# Make a dataframe with curated mutation counts

## Import Python modules

In [None]:
import os
import pandas as pd
import numpy as np
import random

## Identify sites that are conserved in all clade founders

Read in clade founder sequences, add a column giving a site's sequence context, then make a list of sites where the site, its codon, and its 3mer sequence context are conserved across all founders and identical to the Wuhan-Hu-1 reference sequence (ignoring the codon requirement for nonidentical sites).

**NOTE**: our GitHub repository does not track the directory defined by the variable `fitness_results_dir`. This directory contains results of cloning the [Bloom and Neher repository](https://github.com/jbloomlab/SARS2-mut-fitness) for estimating fitness effects and running the pipeline in that repository on an UShER tree with all sequences in GISAID as of 2024-04-24.

However, we do track the files that this notebook generates, including the curated site-specific mutation counts in the file `results/curated_mut_counts.csv`.

In [None]:
# Read in data
fitness_results_dir = '../SARS2-mut-fitness/results_gisaid_2024-04-24'
founder_df = pd.read_csv(os.path.join(fitness_results_dir, 'clade_founder_nts/clade_founder_nts.csv'))
founder_df.sort_values(['clade', 'site'], inplace=True)

# Get founder seqs
founder_seq_dict = {}
for (clade, data) in founder_df.groupby('clade'):
    founder_seq_dict[clade] = ''.join(data['nt'])

# For each row, get the site's 3mer motif in the corresponding founder sequence
def get_motif(site, clade):
    founder_seq = founder_seq_dict[clade]
    return founder_seq[site-2:site+1]
min_and_max_sites = [founder_df['site'].min(), founder_df['site'].max()]
founder_df['motif'] = founder_df.apply(
    lambda row: np.nan if row['site'] in min_and_max_sites \
        else get_motif(row['site'], row['clade']),
    axis=1
)

# Add columns giving the reference codon and motif
founder_df = founder_df.merge(
    (
        founder_df[founder_df['clade'] == '19A']
        .rename(columns={'codon' : 'ref_codon', 'motif' : 'ref_motif'})
    )[['site', 'ref_codon', 'ref_motif']], on='site', how='left'
)

# Identify sites where the codon and motif are conserved across all clade founders
# by subsetting data to entries with identical codons/motifs to reference, then
# identifying sites that still have entries for all clades
data = founder_df[
    (founder_df['codon'] == founder_df['ref_codon']) &
    (founder_df['motif'] == founder_df['ref_motif'])
]
site_counts = data['site'].value_counts()
nclades = len(founder_df['clade'].unique())
conserved_sites = site_counts[site_counts == nclades].index
founder_df['same_context_all_founders'] = founder_df['site'].isin(conserved_sites)
founder_df['nt_site'] = founder_df['site']

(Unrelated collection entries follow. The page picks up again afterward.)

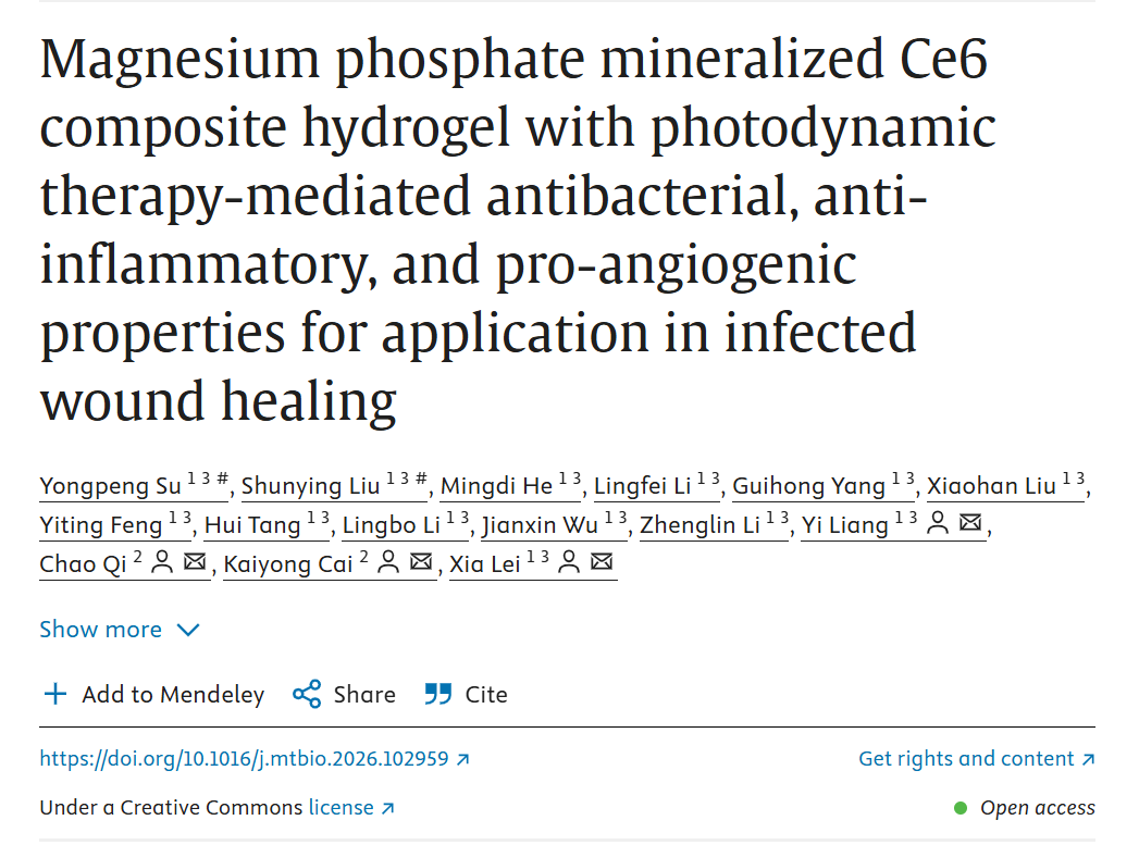 This study investigated a novel composite hydrogel dressing for the efficient healing of infected wounds. To address challenges such as antibiotic resistance and the easy deactivation and poor retention of photosensitizers in traditional photodynamic therapy (PDT), the researchers developed a biomimetic mineralization strategy. This strategy encapsulates the small molecule photosensitizer chlorin e6 (Ce6) within magnesium phosphate nanoparticles (CMP NPs) to maintain its photodynamic activity.Subsequently, this mineralized nanoemulsion was combined with gelatin and natural moisturizing factors to construct the CMP/Gel hydrogel dressing. This dressing can prolong the local retention time of the photosensitizer in the wound and, through the released magnesium ions from its degradation, further exert multiple biological effects such as anti-inflammatory, antioxidant, and pro-angiogenic actions after PDT sterilization, thereby synergistically promoting the repair of infected wounds. This study provides a new approach for the development of multifunctional wound management materials, and the related results have been published in the materials science journal *Materials Today Bio*.
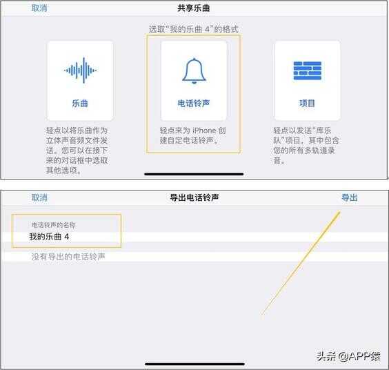 8、如图,点击中间的「电话铃声」,设置一下铃声名字,点击右上角的导出按钮,就可以将该音乐存储至电话铃声库了啦。
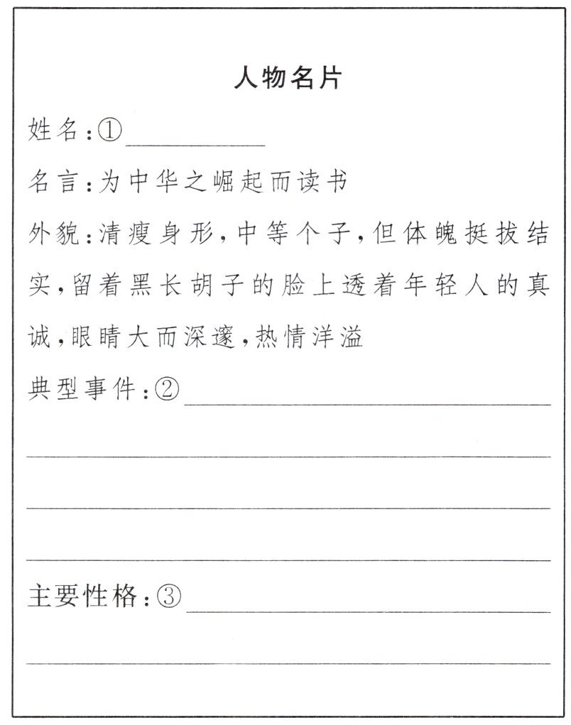 2. 阅读名著,我们要学会整理人物的主要信息。请根据名著《红星照耀中国》完成下面的人物名片。
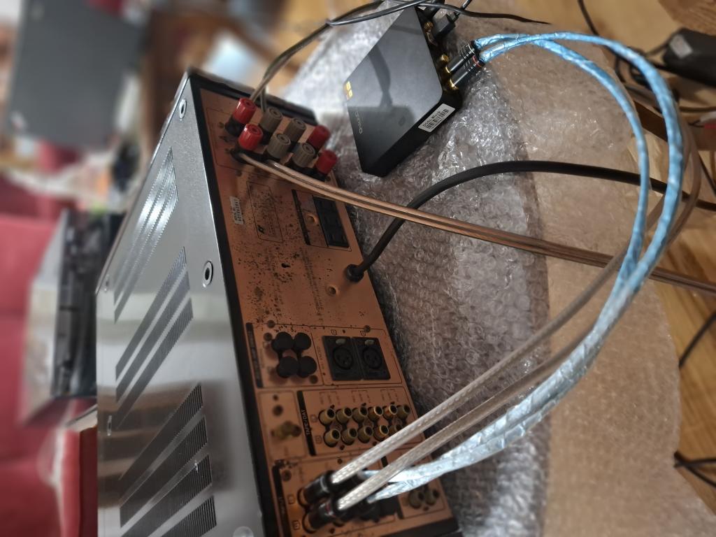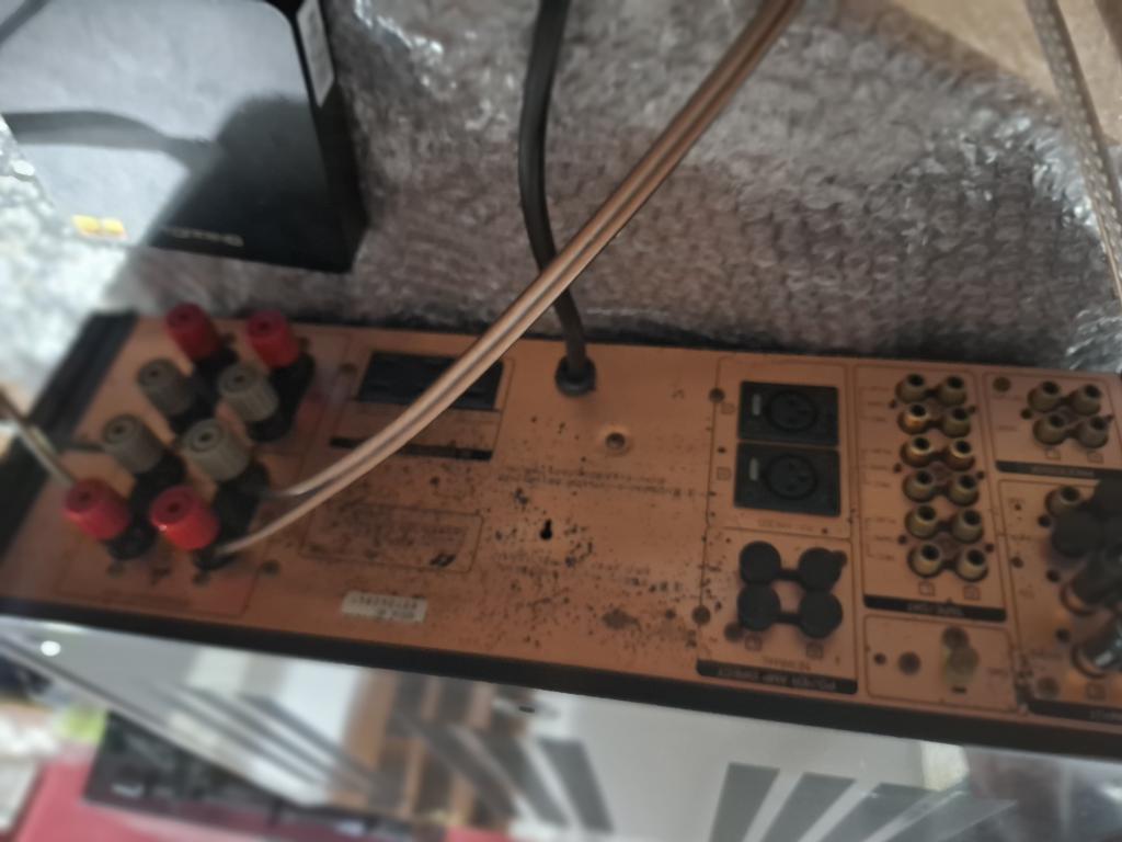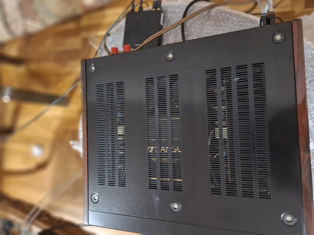 Amplificatorul a fost cumparat din Japan , opereaza la 100v si functioneaza fara probleme. Nu are zgarieturi sau murdarie, singurele semne de imbatranire fiind mici pete negre pe partea din spate. Singura interventie a fost curatirea contactelor. A fost lansat in 1990 , a costat 250.000 yeni si face parte din categoria produselor de top Sansui.

print('Number of sites in genome:', len(founder_df['site'].unique()))
print('Number of conserved sites:', len(conserved_sites))

## Read in and curate counts data

Read in dataframe on actual and expected counts, and add columns with metadata.

In [None]:
# Read in data
counts_df = pd.read_csv(os.path.join(
    fitness_results_dir,
    'expected_vs_actual_mut_counts/expected_vs_actual_mut_counts.csv'
))

# Add metadata
counts_df[['wt_nt', 'mut_nt']] = counts_df['nt_mutation'].str.extract(r'(\w)\d+(\w)')
counts_df['mut_type'] = counts_df['wt_nt'] + counts_df['mut_nt']

def get_mut_class(row):
    if row['synonymous']:
        return 'synonymous'
    elif row['noncoding']:
        return 'noncoding'
    elif '*' in row['mutant_aa']:
        return 'nonsense'
    elif row['mutant_aa'] != row['clade_founder_aa']:
        return 'nonsynonymous'
    else:
        raise ValueError(row['mutant_aa'], row['clade_founder_aa'])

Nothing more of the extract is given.